Day Two – The Seven Pillars

 

Living an athletic life is the backbone of living a high-performance life. What does this mean?… Well, I want you to unleash your inner athlete, be functionally fit, be supremely capable, body confident and have a great-looking, well-proportioned body that looks natural and healthy and not look like you live in the gym. I want you to feel the mind-body connection top athletes, ballerinas, and fighters feel, and I want you to feel totally at one with yourself, connected in mind, body and spirit. I use the term athletic life to describe all of the above, and living the athletic life is not only the tagline to my brand, but it’s a reality that is possible for all of us.

The way I see it, there are seven pillars to athleticism. Programming ALL seven pillars into your life will unlock your innate athletic nature, get the best overall results and will make exercise more fun for you.

1.     Strength

2.     Endurance

3.     Mobility

4.     Power

5.     Balance

6.     Agility

7.     Skill

As we have all differing genetics and sporting & training history, different goals, and take advice from different sources, the chances are some of your athletic pillars are currently very secure, while others are… let’s say… a little wobbly!

The personal training industry and general gym culture place far too much emphasis on strength, calorie burn and body composition, so agility, coordination and balance are often totally neglected, and skill development is vastly under-promoted.

Any given sport, activity, movement pattern or exercise can have multiple pillars as benefits, but this very much depends on how it’s done. The technique, tempo, range of movement and current ability level are all variables.

Let’s look at the deep bodyweight squat. It develops hip mobility and strength in your legs (primarily quads), glutes, core and lower back. If you do 200 of them right now, it will become a muscular endurance exercise… but do 10 of them slowly while holding a fully-grown labrador above your head, and it would be a strength exercise with an additional focus on your ankles, core and shoulders.

Ditch the Lab, hold a 60kg barbell behind your back, and double the speed of movement with a smaller range of movement; then, it becomes a classic quad power development exercise.

If you’ve never done a squat before, then just doing 3 sets of 10 with no weight and 100% perfect form is actually more of a coordination/skill and potentially a mobility exercise more than anything else. Or do a set of normal squats standing on a gym ball (please don’t); then suddenly the squats become a balance and inner-thigh endurance exercise primarily. (Due to the angle of your feet on the ball, you have to squeeze the legs together to stop falling off.)
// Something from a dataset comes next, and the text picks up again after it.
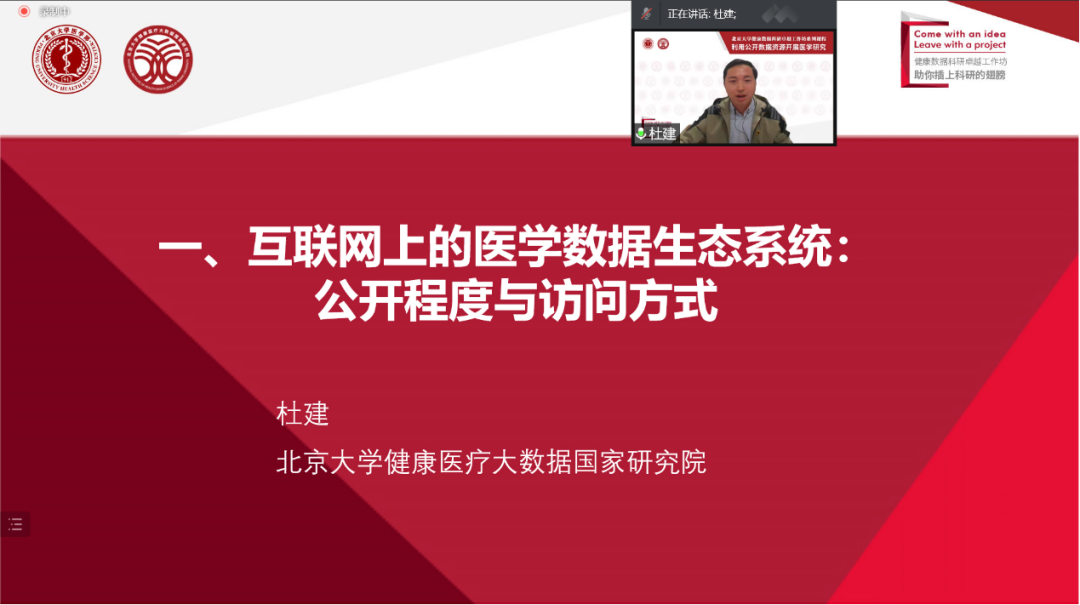 北京大学健康医疗大数据国家研究院杜建副研究员讲授《互联网上的医学数据生态系统:公开程度与访问方式》、《可计算的医学知识》等

Also, the order you have a set of squats in your program directly affects the main outcome. If you have done 20 minutes of heavy Good Mornings’ (an advanced exercise that targets the posterior chain muscles – lower back, hamstrings and glutes) and then you do a set of normal barbell squats at an average weight, the posterior muscles  *(as they have been pre-fatigued) will be forced to work crazy hard, so in this case, squats will not really get a chance to work your quads at all! And it’ll be more like a Romanian Deadlift.

 

Exercise Programming

My rather long-winded point is that doing a set of any particular exercise can have a plethora of different nuanced outcomes depending on an eclectic range of variables.. and we didn’t even get into feet position!  That’s why when developing your own exercise program takes some thought. How fitness coaches map out training plans for their clients is called ‘Exercise Programming’, and I’ll share my ten golden principles on that next week (Lesson 10).

The quality of your exercise programming is what separates world-class training from just working out. First things first, though, for the next seven days, we shall take a peek into each of these athletic pillars and look a little at the theory behind why they are so important… it’s only when we understand all the pillars we can start to make the best exercise choices.